Several analysts have questioned how it is that fewer banks restated financial results after the financial crisis than before. That there has been a decline in restatements by companies that declared their financial strength only weeks and months before their entire industry came to the brink of insolvency in 2008 raises questions as to the reliability of financial reporting.
That fewer securities cases involve financial restatements and GAAP violations might even suggest that fewer companies are acknowledging, or being forced to acknowledge, the inaccuracies in their financial reporting.
So, like, (1) fair, though (2) less so after Groupon, but (3) maybe you should be looking into the reliability of financial reporting, guy who gets paid millions of dollars to vigorously advocate on behalf of institutional investors who have been ripped off by shoddy financial reporting!
One thing to take away from this is that several of your most important (? loudest and most punitive, anyway) watchdogs over public companies – the SEC, securities class action firms, William Cohan – are at their best in reacting to shenanigans that are either formally obvious (saying in big bold letters in your S-1 “here is where the misleading financial metrics start!”) or have already been confessed (saying in your earnings 8-K/A … well, saying much of anything in an 8-K/A).
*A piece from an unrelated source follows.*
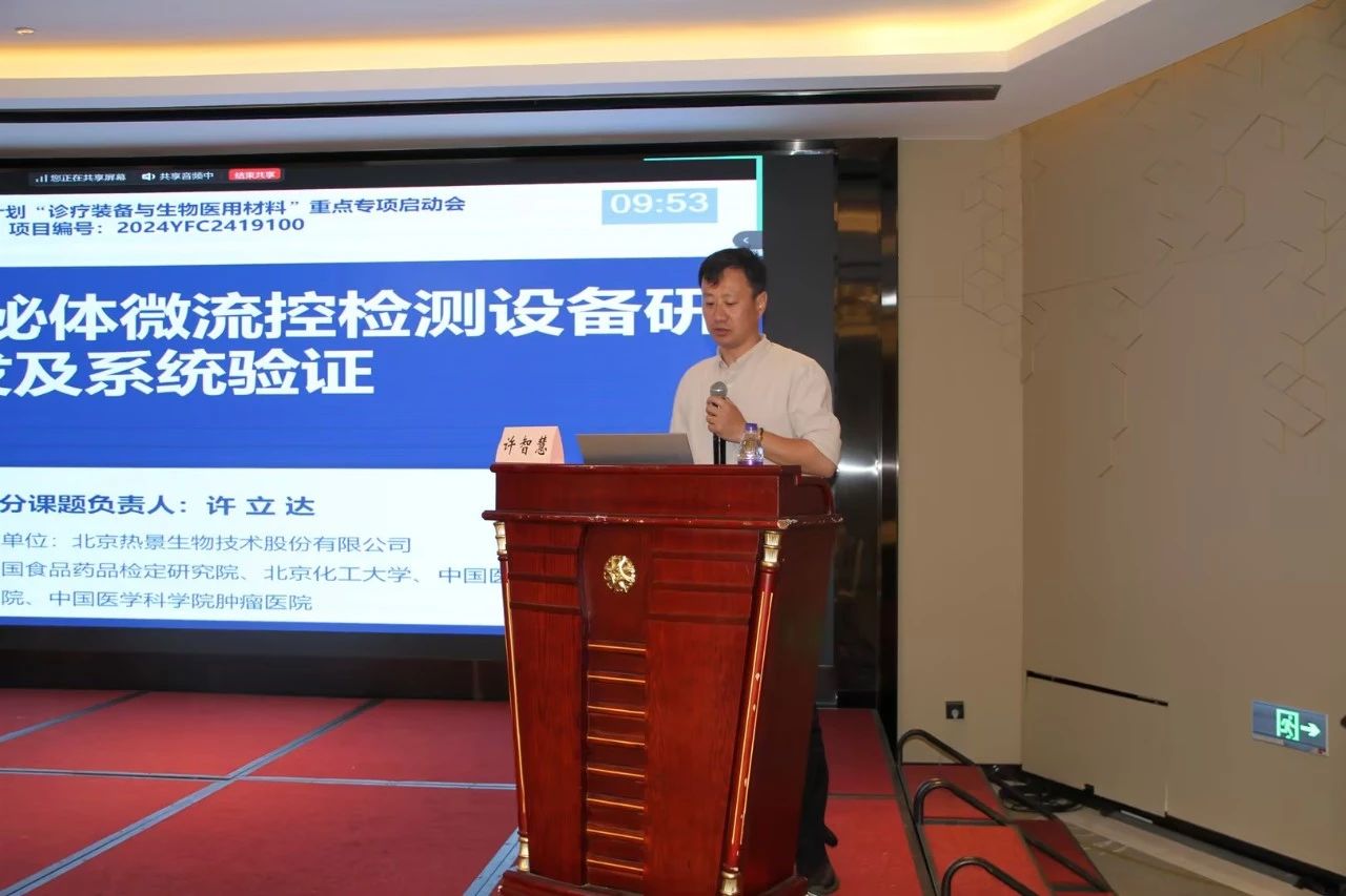5月16日,國家重點(diǎn)研發(fā)計(jì)劃“診療裝備與生物醫(yī)用材料”重點(diǎn)專項(xiàng) “疾病特異性外泌體檢測(cè)技術(shù)研究及樣機(jī)研制”項(xiàng)目啟動(dòng)會(huì)在廣州召開。項(xiàng)目由南方醫(yī)科大學(xué)南方醫(yī)院牽頭、聯(lián)合中國醫(yī)學(xué)科學(xué)院北京協(xié)和醫(yī)院、中國醫(yī)學(xué)科學(xué)院腫瘤醫(yī)院、北京化工大學(xué)、北京熱景生物技術(shù)股份有限公司等單位共同承擔(dān)。項(xiàng)目及各子課題負(fù)責(zé)人對(duì)課題實(shí)施方案及近期進(jìn)展進(jìn)行匯報(bào),認(rèn)真聽取指導(dǎo)專家的意見和建議。

This doesn’t leave the JOBS Act off the hook, by the way – it also softens the requirement that sub-$1bn public companies get their auditor to certify the quality of their internal controls, whose quality in the case of Groupon appears to be certifiably poor. And unlike the SEC and the plaintiffs’ lawyers, auditors actually are in the business of micromanaging their clients’ accounting function to make sure they’re not fudging the numbers.** There’s probably not much reason to worry about the mini-Groupons of the future taking their nonstandard-accounting embarrassment offline into a private chat with the SEC; there’s a lot more reason to worry about softening their requirements to report to one of the few watchdogs who might keep an eye on the bits that could actually matter.
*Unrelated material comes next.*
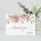 PixDezines monograma botânico rosas elegantes em flores de aquarela rosa poeira, acentuadas com cartões de agradecimento simples e modernos de letra manuscrita.
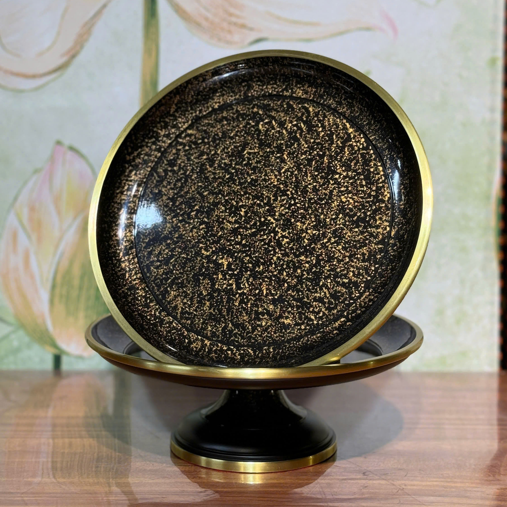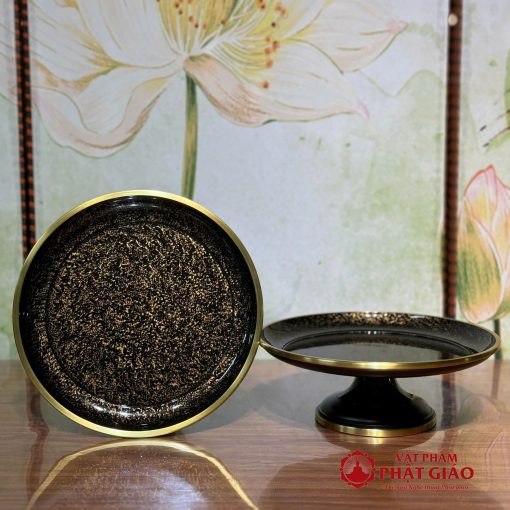 Đĩa Thờ Chất Liệu Đồng Đen Vân Đá Viền Vàng Cao Cấp

In Wake of Groupon Issues, Critics Wary of JOBS Act [WSJ]
Will the JOBS Act Mean More Surprises Like Groupon’s? [Bloomberg]
Understanding the Dip in Class-Action Securities Settlements [DealBook]
* Or more realistically, in the absence of public ridicule, the SEC would not have corrected it and you wouldn’t have heard about it until – well, also before launch, because there it’d be in the S-1, and you’d be hearing about it from all the people making fun of it, sort of like you did anyway, only this time you’d have less time to forget about it before the launch of the IPO because it’d still be screwy when they went effective.
** Nah, kidding. But it’s more their function than anyone else’s, I guess.